Likely due to the real-time nature of new technologies and platforms like mobile devices and social networks, Millennials appear to lack the patience and dedication of older generations when it comes to following password creation and management best practices.
As consumers create insecure passwords and reuse login credentials across devices and domains, they generate risk for businesses by leaving their accounts open to phishing and fraud. In fact, our survey results show that more than 25 per cent of respondents have had an online account compromised in the past 12 months. For Millennials, this number jumps to 35 per cent, which is more than likely a direct reflection of this age group’s failure to follow password best practices. In contrast, this number drops to less than 20 per cent for Baby Boomers.
Unfortunately, attempts to enhance password security often have a negative impact on users’ registration experiences, with one third of consumers admitting to abandoning the creation of an online account due to complex password requirements. Even if users do make it past the hurdle of account creation, login roadblocks such as forgetting a username, password or answer to a security question have caused more than half of consumers to abandon a site.
With Millennials unwilling to follow password creation best practices and attempts to combat the associated risk resulting in poor user experiences, businesses looking to stay connected with consumers must start exploring authentication solutions that are both secure and convenient.
Biometric authentication is still in its infancy, with the popular Apple ID fingerprint scanner for iPhone being launched less than three years ago. While just 20 per cent of Baby Boomers have used this solution, it is gaining much higher traction with Millennials. Almost half of them claim to have used at least one form of biometric authentication. In the same vein, 66 per cent of Millennials, compared to just 30 per cent of Baby Boomers, say they own at least one device that offers some form of biometric authentication. Any device with a camera or microphone has the potential to be a biometric-enabled device, and 91 per cent of UK millennials now own a smartphone.
Millennials, more than other generations, embrace advanced authentication methods that present a simpler way to log in while maintaining a high level of security. Nearly one-half of Millennial respondents use one or more forms of biometric authentication, such as fingerprint scanning technology (38 per cent), voice recognition (15 per cent), facial recognition (11 per cent) or iris scanning (5 per cent).
Millennials also report that at least one of the applications they’ve downloaded offer some form of biometric authentication, which is consistent with Juniper Research’s estimate that more than 770 million biometric-enabled applications will be downloaded each year by 2019, as compared with 6 million in 2015. To continue growth, businesses must modernise authentication methods or suffer the consequences of millennials abandoning their services, and engaging with brands that offer the streamlined authentication that they crave.

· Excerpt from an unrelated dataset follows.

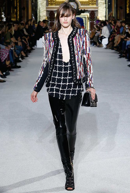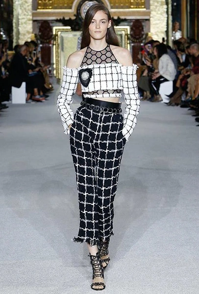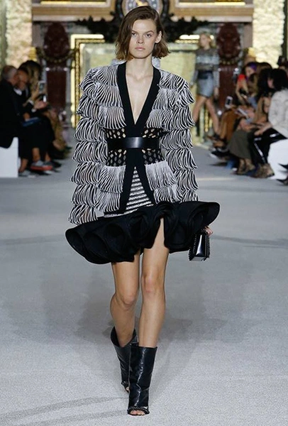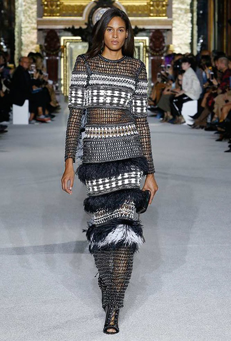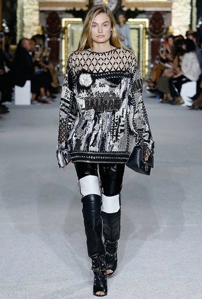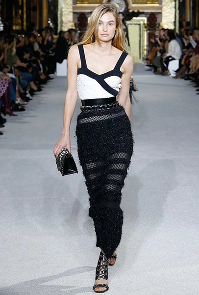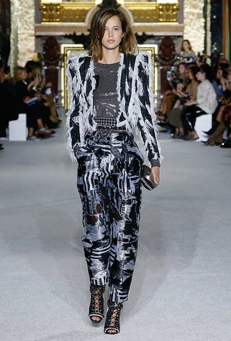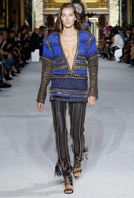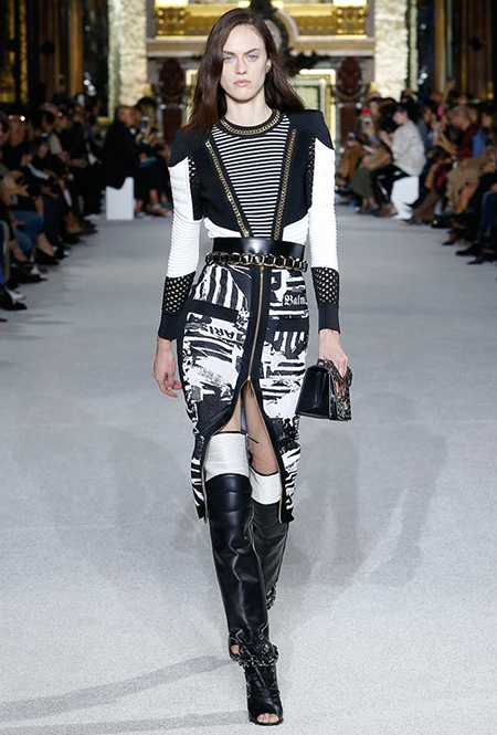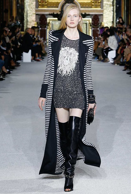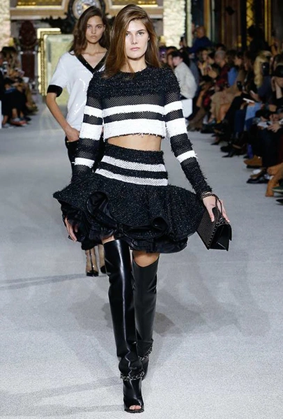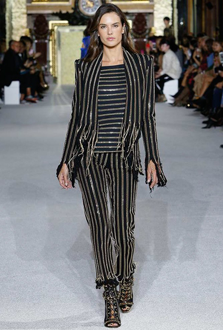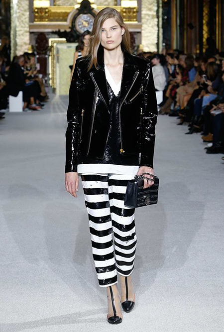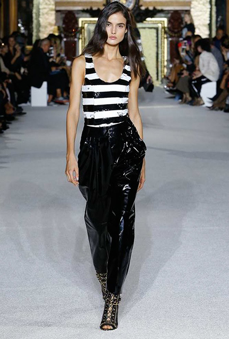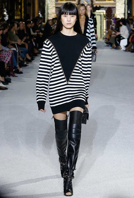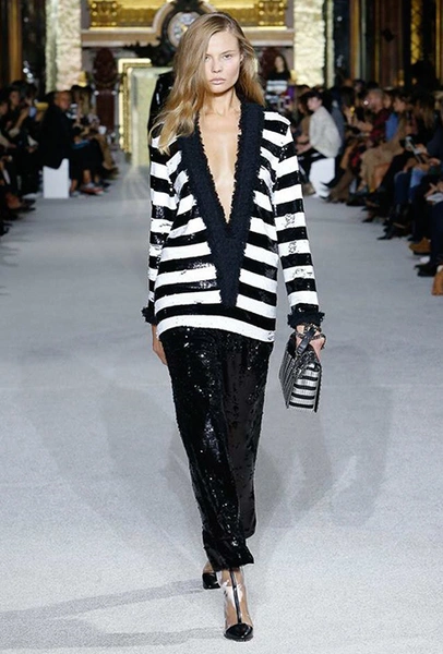 Парижскую тему продолжает самый «французский» принт – полоска. В блоке, посвященном daywear, более сдержанном (если этот эпитет вообще применим к современному Balmain), чем остальная коллекция, «под тельняшки» раскрашены топы, брюки, трикотажное платье и длинный, с глубоким вырезом, свитер.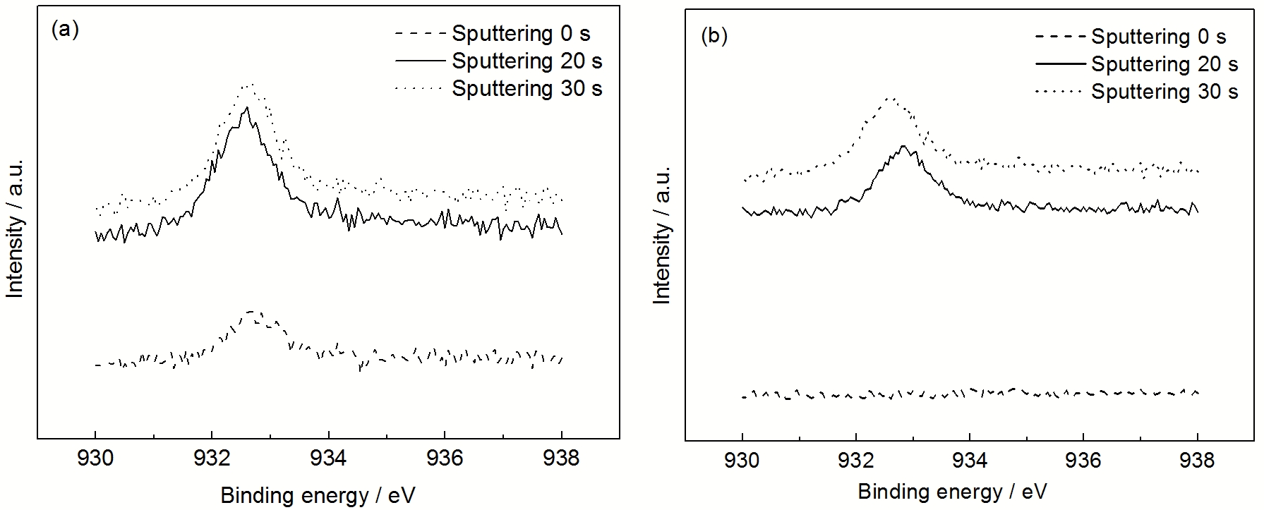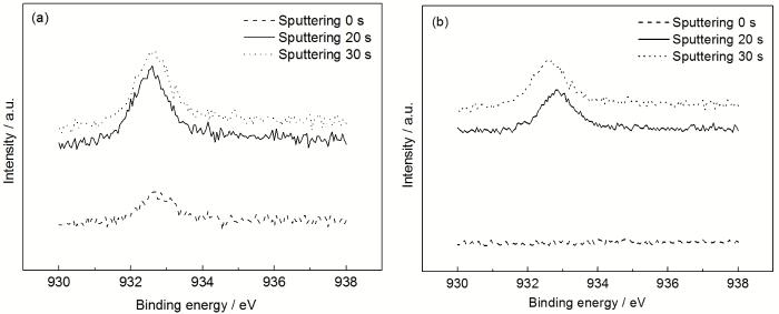 | Sample | Sputtering time / s | 932.6 eV (Cu) | 933.7 eV (CuO) | 934.8 eV (CuCO3) | 935.1 eV (Cu(OH)2) |

Of course, scanning one’s finger or face is far more convenient than creating and remembering yet another username/password combination. What’s more, 80 per cent of all consumers believe that biometric authentication is more secure than traditional registration. With passwords failing to provide the better, more trusted experiences today’s consumers are demanding, biometrics and other methods of next-generation authentication are sure to begin emerging at a faster and higher rate.
Amidst these changes only one thing is for certain: the password is dying. Is your business prepared?